For about 50 years, warfarin—also known by the brand name, Coumadin—was prescribed to patients diagnosed with atrial fibrillation (AF), an irregularity of the heartbeat, and others at risk of forming potentially fatal blood clots. Warfarin is an anticoagulant medication. Pradaxa is a blood-thinning medication used to reduce risks of stroke and blood clots in patients with non-valvular AF, a common heart rhythm abnormality; Pradaxa is not approved for patients with AF caused by heart valve problems. Pradaxa also inhibits thrombin, which is, explained News-Medical, the central coagulation activator in the body’s blood clotting system.

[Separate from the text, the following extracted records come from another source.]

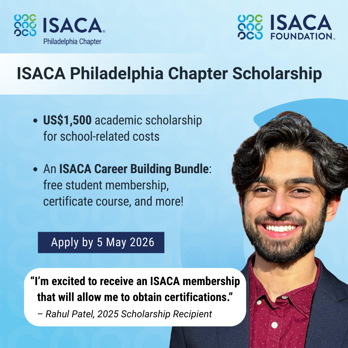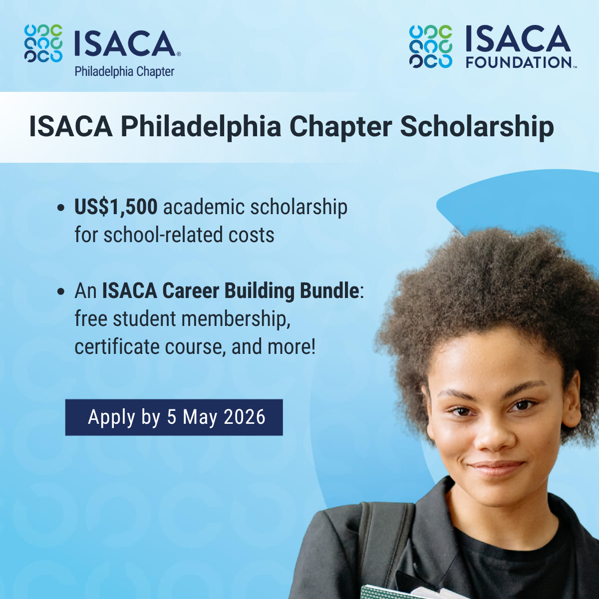 The ISACA Philadelphia Chapter is proudly sponsoring five academic scholarships in partnership with the ISACA Foundation in 2026!
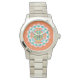 Ein weiches, pastellfarbenes Mandala-Muster in aquamariner und korallenfarbener Form. Künstler: Harriet Sussman
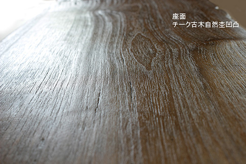 伐採後約150年〜50年もの間、自然の風雨に晒され、ようやくこの様に非常に 美しい杢の凹凸が出来ます。チーク材だからこそ、現在でもこの様に1つの作品として生き残っているのです。手で触れてもその感触は凄く優しく、時の流れを感じる事が出来ます。日本でこれ程自然素材の凹凸の美しい品物は、なかなか見る機会が少ないと思います。
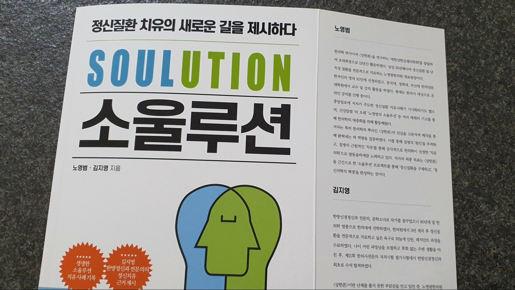 소울루션의 저자인 노영범 박사는 본인도 어릴적 수면질환을 포함해 정신질환을 겪었던 경험을 가지고 있습니다. 당시 모든 것을 포기할 정도의 지경에 이르렀다가 한방의학의 도움으로 극복했던 경험을 말해주는데 그 이후에 양학과 한의학 및 정신의학 등을 총제적으로 공부하면서 소울루션을 위한 기반을 닦았습니다. 그는 기존에 정신질환 의학의 방향이 잘못되어 가고 있다고 말하고 있습니다. 그리고 그 방향성을 천 년도 전에 고대 중국의 상한론에서 답을 찾고 있습니다. 저자는 상한론을 연구하기 위해서 현대에 전해지고 있는 번역본의 의미가 잘못되었을 수도 있다고 판단하여 국내 최초로 갑골문자를 전문으로 하는 교수와 함께 연구하면서 상한론에 대한 보고서를 작성하기도 했습니다. 노영범 박사가 연구한 상한론은 총 일곱가지의 질환을 기반으로 하고 있는데 고대 상한론에서 말했던 칠병변병은 현대의 정신질환과도 미묘하고 신기하게 연결되는 것이 흥미롭습니다. 몸의 과잉행위가 질병을 야기한다고 하며, 신체의 질환과 정신적이 질환은 자연스럽게 연결되어 있음을 이야기합니다. 천 년도 전의 상한론을 칠병변병으로 분석하고 이를 현대 정신질환과 연결하여 이론으로 정립하고 치료의 바람직한 길을 제시하는 이 책에서는 실질적이고 구체적인 이야기를 설명합니다. 특히 책의 후반부에는 공황장애 등 지금 많이 발생하는 정신질환의 사례들을 설명하고 있습니다. 누구나 살면서 한 두번쯤은 생각해볼 수 있는, 나도 이러면 정신병을 가졌을까?라는 물음에 대한 대답을 저자가 알려주고 있습니다. 누구보다 더 열심히 살고 앞서고 싶어서 단 하나의 여유도 주지 않음으로서 발생하는 공황장애 이야기는 너무 공감이 많이 되었습니다. 그 뿐만 아니라 우울증, 조울증, 중독증, 불안장애, 강박증, 식이장애 등의 이야기는 모두 현대인들이 반드시 읽어봐야 할 내용입니다.
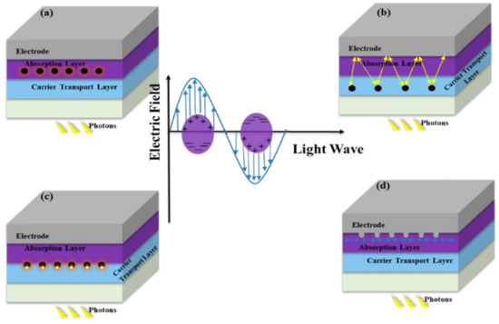 After letting more light enter the solar cell, the second important purpose is to enhance the optical path length of the photons in the active layer. To obtain this goal, the inner side of the back surface of the cell needs to be textured properly to make longer wavelengths scatter and diffract back into the active absorption layer, as shown in Figure 8d. A plasmonic nanostructure can be applied in the thin-film solar cell to harvest the maximum amount of trapped light [163,164,165]. This plasmonic nanostructure can be designed to absorb different wavelengths of light, such as those in the infrared [166,167,168] and visible range [169].

Both Pradaxa and warfarin can cause internal bleeding, but there are readily available antidotes for warfarin bleeding. A growing number of Pradaxa bleeding lawsuits allege the drug caused serious, uncontrollable bleeding side effects, including GI bleeding and cerebral hemorrhaging for which there is no reversal agent.
Other research has revealed that Pradaxa should not be used to prevent stroke or blood clots in patients implanted with mechanical heart valves, and the U.S. Food and Drug Administration (FDA) informed health care professionals and the public of the dangers of Pradaxa for patients with mechanical heart valves. A clinical trial in Europe was halted because Pradaxa users were likelier to experience strokes, heart attacks, and blood clots forming on the heart devices than were users of warfarin. Pradaxa users also experienced more bleeding after valve surgery than those taking warfarin.
Despite a growing number of serious GI bleed reports linked to Pradaxa, the FDA argues that the blood thinner, manufactured by Behringer Ingelheim, is safe when used as directed. Pradaxa, approved more than two years ago, has been associated with a large number of post-marketing incidences of GI bleeding; however, the FDA states that it has concluded that Pradaxa bleeding rates are no higher that what is reported in patients taking warfarin, a decades-old and traditional blood thinner treatment. Yet, Pradaxa has been linked to over 500 deaths and even more side effect reports than any other drug, noted Forbes previously, citing the Institute for Safe Medicine Practices (ISMP). One major problem with Pradaxa–unlike warfarin—is that there is no antidote for a Pradaxa bleed.
A new study also found that Pradaxa may increase risks for viral infections, as well as increasing the severity of these infections.
Meanwhile, the editorialists associated with this study expressed concern over the lack of antidotes for these new blood thinners. “This is an alarming fact given the widespread use of new oral anticoagulants and the increased risk of bleeding that has now been demonstrated,” the researchers said, according to MedPage Today. The team urged for clear, concise guidelines for managing acute GI bleeds in patients taking these new drugs noting that while the rate for such bleeds may be low, the bleeds were significant and serious.